サンホセ(コスタリカ共和国の都市にして同国の首都)に今日もまばゆい朝がやってきた。


「あぁ・・・もうこんな時間か・・・」


 カーテンの隙間から差し込む光に目を覆いながらダークタイガーはゆっくりと体を起こす。


「あたたた・・・慣れねぇ仕事なんぞするもんじゃねーってか・・・」


 ホワイト・ローズのとの戦いに敗れてニューヨークを後にしたダークは、再就職をするべく方々を回ったが“元犯罪組織の幹部”という肩書きが知れ渡っていた彼を快く雇う企業など全米のどこにも存在しなかった。それでやむなく故郷・イギリスの知人を頼って古巣での職探しを計るも肩書きが足かせとなっていた彼を快く雇う企業など全英のどこにも存在しなかった。

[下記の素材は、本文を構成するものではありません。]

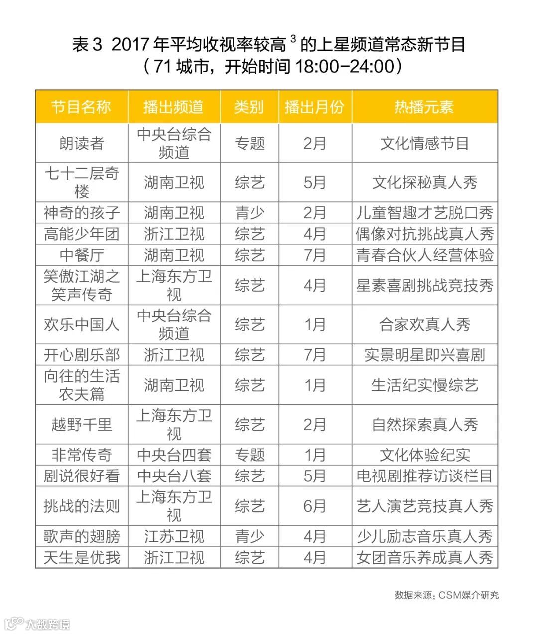 综观2017年上星频道晚间时段平均收视率较高的常态新节目,我们可以发现文化、喜剧和青春励志元素在高收视新节目中层见叠出。中央台综合频道文化情感节目《朗读者》、湖南卫视文化探秘真人秀《七十二层奇楼》、中央台四套文化体验纪实节目《非常传奇》以文化视角引领荧屏正能量和价值风尚;上海东方卫视星素喜剧挑战竞技秀《笑傲江湖之笑声传奇》、中央台综合频道合家欢真人秀《欢乐中国人》、浙江卫视实景明星即兴喜剧《开心剧乐部》以喜剧为切入点引发受众的追捧;湖南卫视儿童智趣才艺脱口秀《神奇的孩子》、浙江卫视偶像对抗挑战真人秀《高能少年团》、江苏卫视少儿励志音乐真人秀《歌声的翅膀》、浙江卫视女团音乐养成真人秀《天生是优我》则以满满的青春能量在创新市场掀起年轻化的追寻和探索,为荧屏带来青春力量。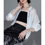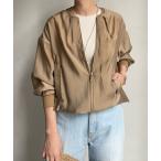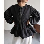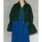 ジャケット ノーカラージャケット フロッキードットジップアップバルーンスリーブジャケット レディース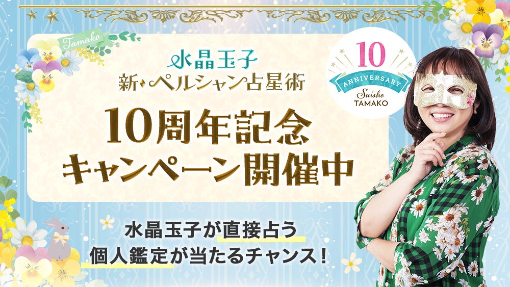 株式会社CAM(本社:東京都渋谷区、代表取締役社長:須田瞬海、以下CAM)は、運営する水晶玉子の公式占いサイト「水晶玉子 新ペルシャン占星術(https://suisho-tamako.marouge.jp/)」の10周年を記念して特別キャンペーンを開催いたします。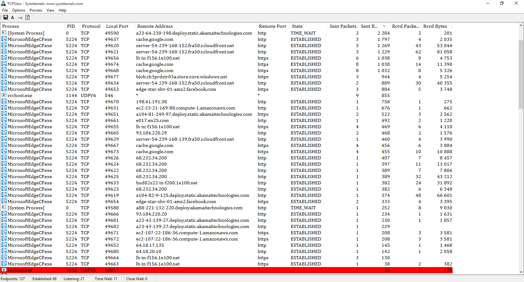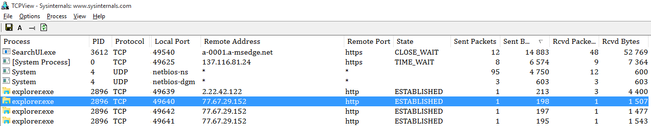 Перечень соединений так быстро обновлялся, что просто так и не уследишь. Поэтому мы приступили ко второй части исследования. Закрыли все приложения, поставили сниффер Wireshark и записали активность Windows за полчаса. Чтобы сымитировать хоть какую-то активность, мы просто смотрели некоторые настройки в панели управления, но не меняли их.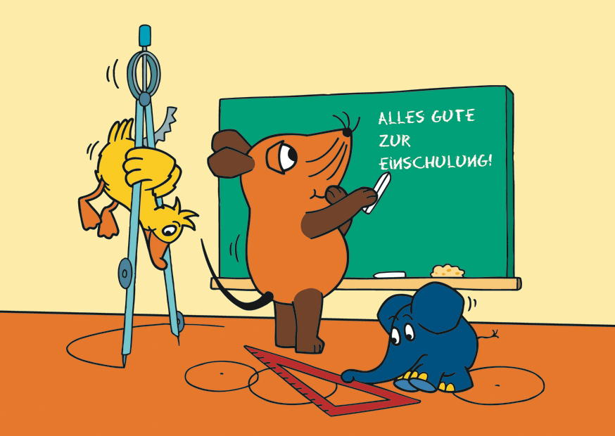 Eine Maus schreibt an einer Tafel und wünscht alles Gute zur Einschulung, während ein Elefant und ein Vogel helfen und sich einbringen.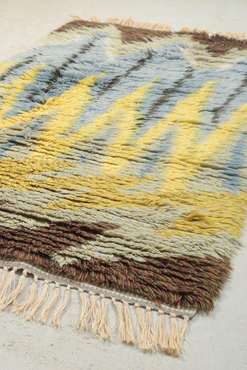 Hand-knotted rya carpet in wool with a zigzag-inspired pattern in shades of yellow, blue, brown, and grey. A distinctive design from the period, using strong contrasts and geometric forms to create vibrancy and movement within the Scandinavian textile tradition.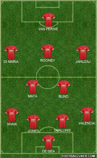DE GEA · JONES · SMALLING · SHAW · VALENCIA · BLIND · MATA · DI MARIA · JANUZAJ · ROONEY · VAN PERSIE
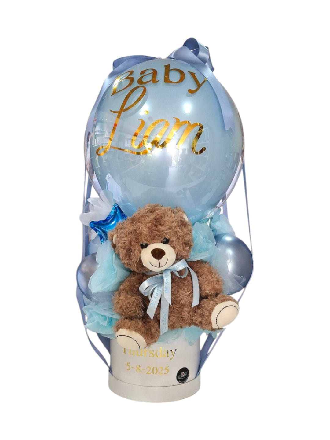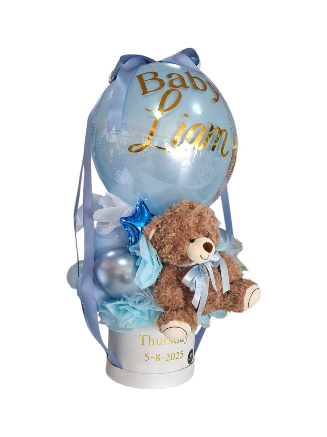 Incluye globos de látex, base redonda de cartón personalizada, un tierno oso de peluche, globo personalizado y una estrella mini decorativa. Perfecto para sorprender con ternura, color y un toque especial.

 そんなダークを路頭に迷う寸前で救ったのがカナダの友人プライン・マンチェスティーだった。


「ダーク、俺の店で働いてみないか?」


 大学で学んだ経営学と長く勤めた販売業での経験を糧にマンチェスティーは競争率がそこまで高くなく、治安の良いコスタリカはサンホセにコンビニエンスストアを出店した。そして、その従業員候補としてダークに白羽の矢を立てたのである。


「しかしあの野郎、なんで俺なんぞ雇い入れたかね~・・・」


 無精ひげを剃りながらぶつぶつと独り言。


 8時間・週4日勤務のアルバイトも、慣れない者には“重労働”のように思えてくるのである。




「うおっす!今日も張り切って行くぜ!!」


 豪快に入り口のドアを開けて威風堂々といった足取りでダークが従業員控え室へと直進する。


「ダーク!そんな挨拶じゃお客さんが逃げちゃうよ!!」


「キレイな姉ちゃん相手なら紳士的に振る舞うからノープロブレムだ!!」


 店内で商品発注をしていたマンチェスティーの突っ込みに意味の分からない受け答えをしてダークは控え室へと入って行った。


 すると。


「ダークさん!ニュースですよ、ニュース!!」


「うわっ!!」


 ドンガラガッシャン!!


 いきなり部屋の奥から男性が飛び出してきて大声を立てるのでダークは足元の消火器につまずいて豪快にすっ転んでしまったのだ。


「って~・・・何だよルメル、何をやらかしたってんだお前?」


 この男性店員の名前をルメル・ペラーロといった。コスタリカ南部の町プエルトコルテス出身で、声優の仕事を本業としながらもいつ仕事が入ってくるかも分からない不安定な側面と収入面の都合で副業のアルバイトと両立させながら生計を立てている苦労人である。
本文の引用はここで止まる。